Problem details -> Everything from the line containing "kilka kieliszków zimną" through the line containing "Conductor de un" in the listing below should be copied exactly, and nothing more.

--

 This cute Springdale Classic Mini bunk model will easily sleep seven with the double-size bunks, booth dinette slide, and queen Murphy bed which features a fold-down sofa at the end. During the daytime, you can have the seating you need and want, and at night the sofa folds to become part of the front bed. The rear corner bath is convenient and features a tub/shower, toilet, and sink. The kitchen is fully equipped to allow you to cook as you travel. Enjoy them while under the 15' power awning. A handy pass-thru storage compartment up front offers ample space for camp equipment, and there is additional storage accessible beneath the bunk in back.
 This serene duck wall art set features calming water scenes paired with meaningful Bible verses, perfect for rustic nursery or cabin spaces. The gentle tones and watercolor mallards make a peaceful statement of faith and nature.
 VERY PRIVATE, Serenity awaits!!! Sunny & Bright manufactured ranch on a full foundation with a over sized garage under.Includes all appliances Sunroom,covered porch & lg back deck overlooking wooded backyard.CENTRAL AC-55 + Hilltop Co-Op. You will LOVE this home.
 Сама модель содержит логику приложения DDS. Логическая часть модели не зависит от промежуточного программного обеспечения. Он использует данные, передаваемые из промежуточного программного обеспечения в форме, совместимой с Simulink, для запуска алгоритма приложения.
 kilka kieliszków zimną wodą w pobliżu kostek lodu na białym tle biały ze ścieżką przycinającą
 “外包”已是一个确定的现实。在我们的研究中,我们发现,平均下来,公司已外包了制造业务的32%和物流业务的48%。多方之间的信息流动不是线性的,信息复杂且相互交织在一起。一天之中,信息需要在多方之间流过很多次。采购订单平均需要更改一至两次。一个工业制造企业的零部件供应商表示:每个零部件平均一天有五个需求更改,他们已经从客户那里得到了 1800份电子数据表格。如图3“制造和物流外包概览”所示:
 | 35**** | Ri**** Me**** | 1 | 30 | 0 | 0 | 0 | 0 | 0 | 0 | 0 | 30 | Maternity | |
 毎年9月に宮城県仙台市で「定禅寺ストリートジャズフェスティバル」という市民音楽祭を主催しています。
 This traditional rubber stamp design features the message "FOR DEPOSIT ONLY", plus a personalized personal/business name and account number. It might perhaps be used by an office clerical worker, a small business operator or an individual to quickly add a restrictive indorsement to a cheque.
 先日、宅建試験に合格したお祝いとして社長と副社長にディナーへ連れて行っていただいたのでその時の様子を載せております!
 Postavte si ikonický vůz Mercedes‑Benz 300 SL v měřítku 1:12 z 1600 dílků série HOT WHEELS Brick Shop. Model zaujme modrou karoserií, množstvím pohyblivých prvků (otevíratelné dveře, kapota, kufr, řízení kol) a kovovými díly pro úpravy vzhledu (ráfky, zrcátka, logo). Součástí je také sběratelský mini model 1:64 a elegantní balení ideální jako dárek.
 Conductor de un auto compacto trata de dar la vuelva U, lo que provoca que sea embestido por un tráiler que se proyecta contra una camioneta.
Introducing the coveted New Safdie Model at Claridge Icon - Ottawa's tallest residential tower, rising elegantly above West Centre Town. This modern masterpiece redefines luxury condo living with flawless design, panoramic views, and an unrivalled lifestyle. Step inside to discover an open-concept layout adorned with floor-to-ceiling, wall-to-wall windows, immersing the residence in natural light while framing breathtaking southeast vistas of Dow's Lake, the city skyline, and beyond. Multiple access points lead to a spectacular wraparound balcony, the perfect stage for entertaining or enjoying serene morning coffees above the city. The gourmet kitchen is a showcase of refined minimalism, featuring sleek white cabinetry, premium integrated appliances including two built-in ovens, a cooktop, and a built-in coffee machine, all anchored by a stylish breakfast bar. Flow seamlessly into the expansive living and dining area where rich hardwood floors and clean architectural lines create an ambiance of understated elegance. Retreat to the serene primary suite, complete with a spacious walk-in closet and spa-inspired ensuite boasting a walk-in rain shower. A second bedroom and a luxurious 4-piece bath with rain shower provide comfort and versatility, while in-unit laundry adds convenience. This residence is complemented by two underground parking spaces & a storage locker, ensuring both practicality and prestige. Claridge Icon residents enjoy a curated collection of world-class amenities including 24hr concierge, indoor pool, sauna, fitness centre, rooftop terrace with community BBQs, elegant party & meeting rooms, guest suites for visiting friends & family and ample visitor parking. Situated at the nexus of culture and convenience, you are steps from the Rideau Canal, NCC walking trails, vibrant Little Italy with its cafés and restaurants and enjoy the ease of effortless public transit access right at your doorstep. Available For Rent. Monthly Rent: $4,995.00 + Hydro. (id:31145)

--

Answer to this task ->
 kilka kieliszków zimną wodą w pobliżu kostek lodu na białym tle biały ze ścieżką przycinającą
 “外包”已是一个确定的现实。在我们的研究中,我们发现,平均下来,公司已外包了制造业务的32%和物流业务的48%。多方之间的信息流动不是线性的,信息复杂且相互交织在一起。一天之中,信息需要在多方之间流过很多次。采购订单平均需要更改一至两次。一个工业制造企业的零部件供应商表示:每个零部件平均一天有五个需求更改,他们已经从客户那里得到了 1800份电子数据表格。如图3“制造和物流外包概览”所示:
 | 35**** | Ri**** Me**** | 1 | 30 | 0 | 0 | 0 | 0 | 0 | 0 | 0 | 30 | Maternity | |
 毎年9月に宮城県仙台市で「定禅寺ストリートジャズフェスティバル」という市民音楽祭を主催しています。
 This traditional rubber stamp design features the message "FOR DEPOSIT ONLY", plus a personalized personal/business name and account number. It might perhaps be used by an office clerical worker, a small business operator or an individual to quickly add a restrictive indorsement to a cheque.
 先日、宅建試験に合格したお祝いとして社長と副社長にディナーへ連れて行っていただいたのでその時の様子を載せております!
 Postavte si ikonický vůz Mercedes‑Benz 300 SL v měřítku 1:12 z 1600 dílků série HOT WHEELS Brick Shop. Model zaujme modrou karoserií, množstvím pohyblivých prvků (otevíratelné dveře, kapota, kufr, řízení kol) a kovovými díly pro úpravy vzhledu (ráfky, zrcátka, logo). Součástí je také sběratelský mini model 1:64 a elegantní balení ideální jako dárek.
 Conductor de un auto compacto trata de dar la vuelva U, lo que provoca que sea embestido por un tráiler que se proyecta contra una camioneta.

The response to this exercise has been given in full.